Jan Žambůrek (born 13 February 2001) is a Czech professional footballer who plays as a central midfielder for Viborg FF. 

Žambůrek is a product of the Slavia Prague academy and made his professional breakthrough with Brentford in 2019. After falling out of favour, he transferred to Viborg FF in January 2022. Žambůrek has been capped by the Czech Republic at youth level.

Club career

Slavia Prague 
A central midfielder, Žambůrek began his career in the academies at Bohemians 1905 and Slavia Prague and progressed to U19 level with the latter club. He was a part of the U17 team which won the 2017–18 league and cup double and left the club in August 2018.

Brentford 
On 9 August 2018, Žambůrek moved to England to sign a three-year contract with the B team at Championship club Brentford on a free transfer, with the option of a further year. Žambůrek received his maiden call into the first team squad for a league match versus Hull City on 23 February 2019 and with the match safe at 5–1, he made the first senior appearance of his career as a late substitute for Saïd Benrahma. The appearance made him the first player born in the 21st century to play a competitive match for the club. He played out the season with the B team and was a part of the 2018–19 Middlesex Senior Cup-winning squad.
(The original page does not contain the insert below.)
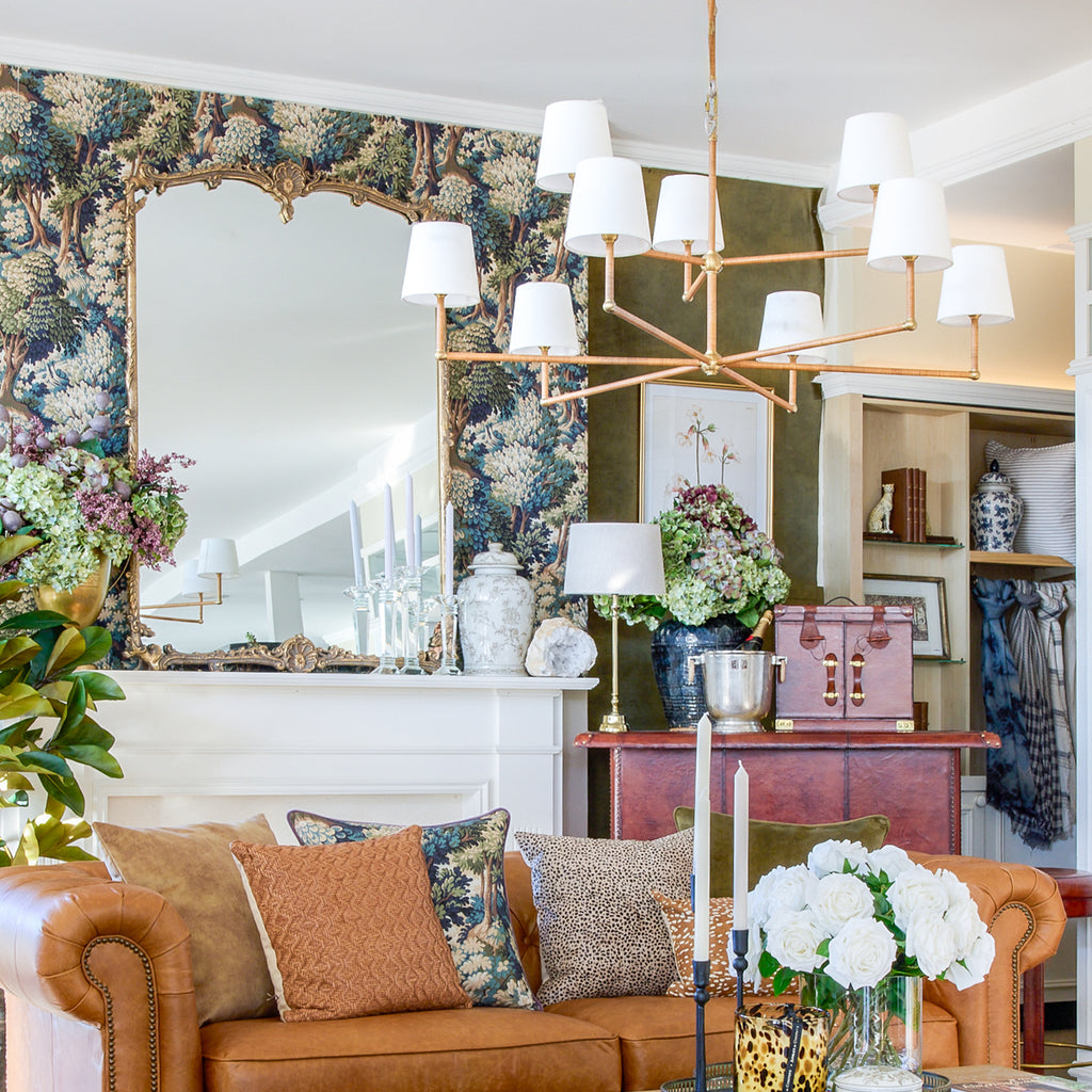 The Bronte Rattan Chandelier with white linen shades combines refined craftsmanship with natural elegance.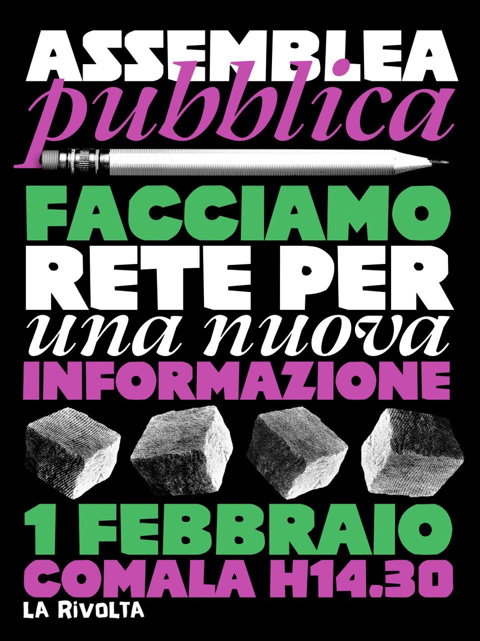 Per maggiori info e aggiornamenti scrivete a rivista.larivolta@protonmail.com oppure su instagram https://www.instagram.com/rivista.larivolta?igsh=emRpZ3lreG04ZGxu&utm_source=qr

Žambůrek spent the 2019–20 pre-season with the first team group and after making two early-regular season appearances, he signed a new four-year contract and was promoted into the first team squad. By late October 2019, he had broken into the team as a regular substitute. In January 2020, Žambůrek's performances at club and international level during 2019 were recognised with a runner-up finish in voting for the FACR's Young Player of the Year award. He finished the season with 19 appearances, but did not feature in Brentford's unsuccessful playoff campaign.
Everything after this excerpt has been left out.